OWCのある支持者には1人の息子があり、その息子は米軍の通訳として働いていて拘束された。彼女は、拘留者の一団が釈放された時、アブグレイブの門で待っていた。拘留者の1人は、「申し訳ないが、彼のことは知らない」と言ったが、「監獄の中では、大変恐ろしいことが行われている」と告げて彼女を驚かせた。「数日前に」と彼は付け加えた。「米軍は男性たちのテントの前に裸の女性を連れてきた。それから米軍はテントの1つに彼女を放り込んだ。拘留者の1人が毛布を投げて彼女に掛けてやった。」

イラク人たちは、おそらくアブグレイブの女性拘留者によって書かれたと思われる手紙を読んだ。OWCは、米国の女性組織に対してこの手紙のコピーをEメールで送った。手紙は、勇敢で誠実なイラク人はアブグレイブ監獄を爆破することで、自らの名誉を清めるべきであると要求していた。なぜなら恥ずべき事態が内部で続いており、そこにいる女性拘留者は様々な方法で性的虐待を受け続けているからである、と。ノア(Noor)と呼ばれる女性が、手紙に署名していた。

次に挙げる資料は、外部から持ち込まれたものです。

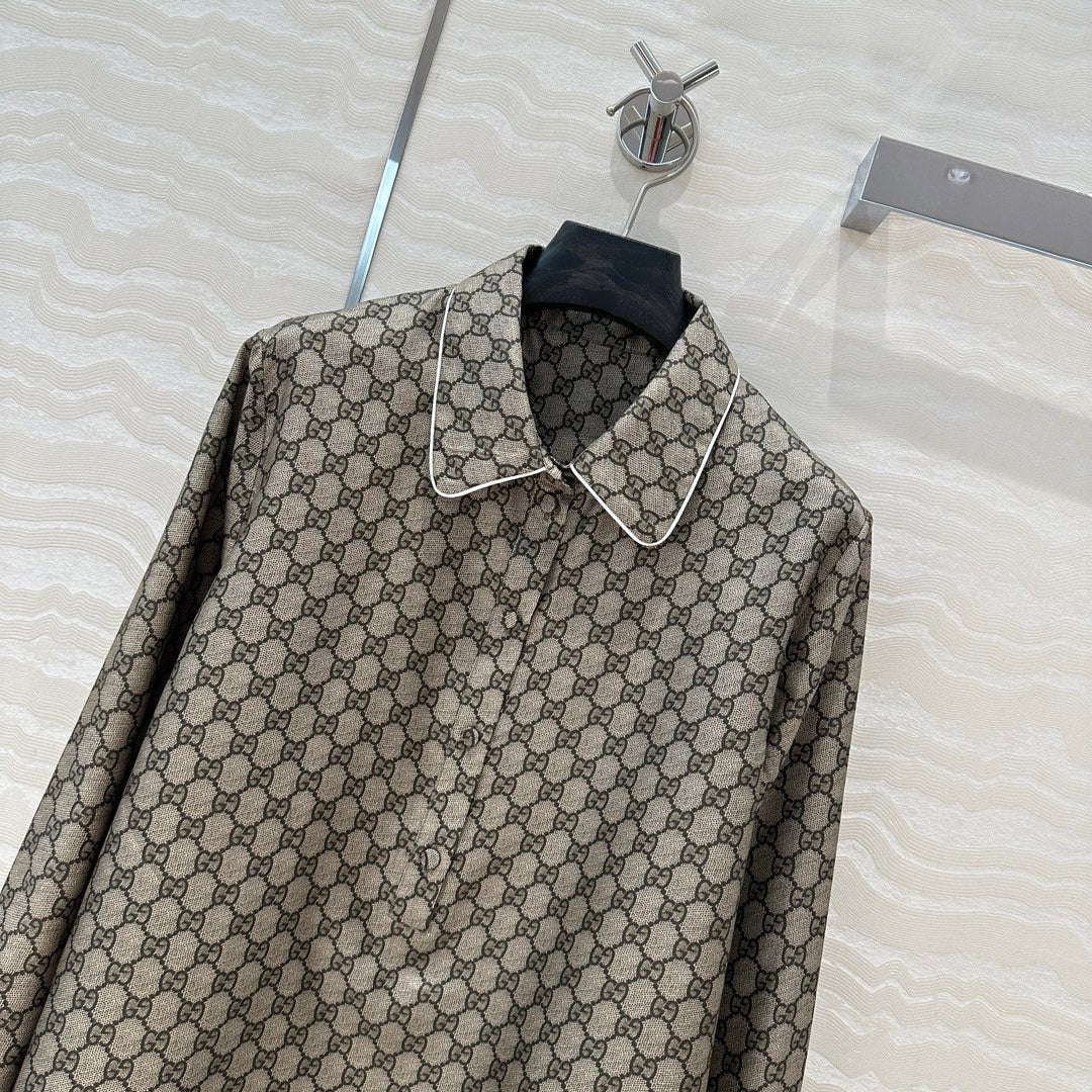 Gucci 2025 Shirt Camel and Ebony Polyester Fiber
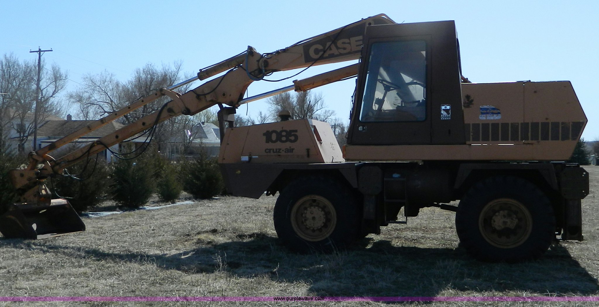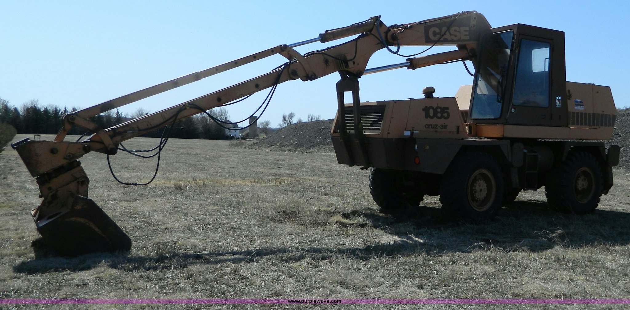 Purple Wave is selling a used Rubber Tired Excavator in Kansas. This item is a Case 1085 Cruz-Air excavator with the following: 2430 hours on meter, Detroit Series S3 diesel engine, Three speed transmission with high-low, Cab - heat, Operators and service manuals, Includes 60" and 36" buckets, Outriggers, 17.5-25 tires, Serial 6293227

この手紙は不審な反応を引き起こした。多くの者は、これは偽物だ、イラクの人々を焚き付けようとしていると述べた。しかし、女性拘留者への性的虐待について多くのことが語られていた。最近釈放された男性拘留者Fは、匿名を条件に女性拘留者に関する情報を話すことに同意した。女性の虐待についてFが我々に語った話は、二重の虐待の典型である。彼は次のように語った。「トラックが通り過ぎた時、私たちはテントの外に出て暖かい日の下で座っていた。トラックには3人の女性がいた。1人の仲間が、頭を垂れてテントに戻ってきた。私は彼に、女性拘留者を見るなんて、悲しいことだと話した。彼は、今見た女性たちが母親と妹であることを告げた。彼は、3人目を確認することはできなかった。」

Fは、破れた衣服で、ほとんど裸のような30歳代の女性を米軍兵士が連れて行くのを目撃したことを思い出す。彼女が体の見えている部分を隠そうとしていた手は縛られていた。1人の拘留者が彼の衣服を脱ぎ、女性に投げた。「私たちはひどく誇りを傷つけられた気持ちだった。あるいは彼女が受けた以上に。私たちには、頭を垂れることしかできないのだから。」

「私のテントの中には、35歳ぐらいの若者がいた」とFは語る。「彼は礼儀正しく、ハンサムで、宗教心も厚かった。ある日、奴らが彼を尋問のために呼び寄せた。彼は何日も現れなかった。戻ってきたときには、別人になっていた。彼が私たちに言うには、ある米軍の女性兵士が彼が彼女の曰くハンサムであることに気が付き、彼に男を求めた。彼女は自分の衣服を脱ぎ、彼と寝ようとした。彼は拒否した。彼女は彼を目隠しし、彼の敏感な部分から裸にし、どこかに連れて行った。彼女は彼をどこかに連れ回した。彼女は彼を50メートルほど引いて歩き、彼の目隠しを外した。彼は、多くの女性拘留者が同じように裸のままにされている女性用監獄の真ん中にいることに気づいた。彼は、うなだれている高齢の女性を見た。女性兵士は彼に、この場所にはカメラが設置されていることを告げた。彼はこの状況に、17日間も放置された。」

拘留者Fは、イラクを離れるすべての米兵たちが、私たちに屈辱をあたえにやってきた証拠であるビデオや写真を持っていないか検査されるべきだと要求した。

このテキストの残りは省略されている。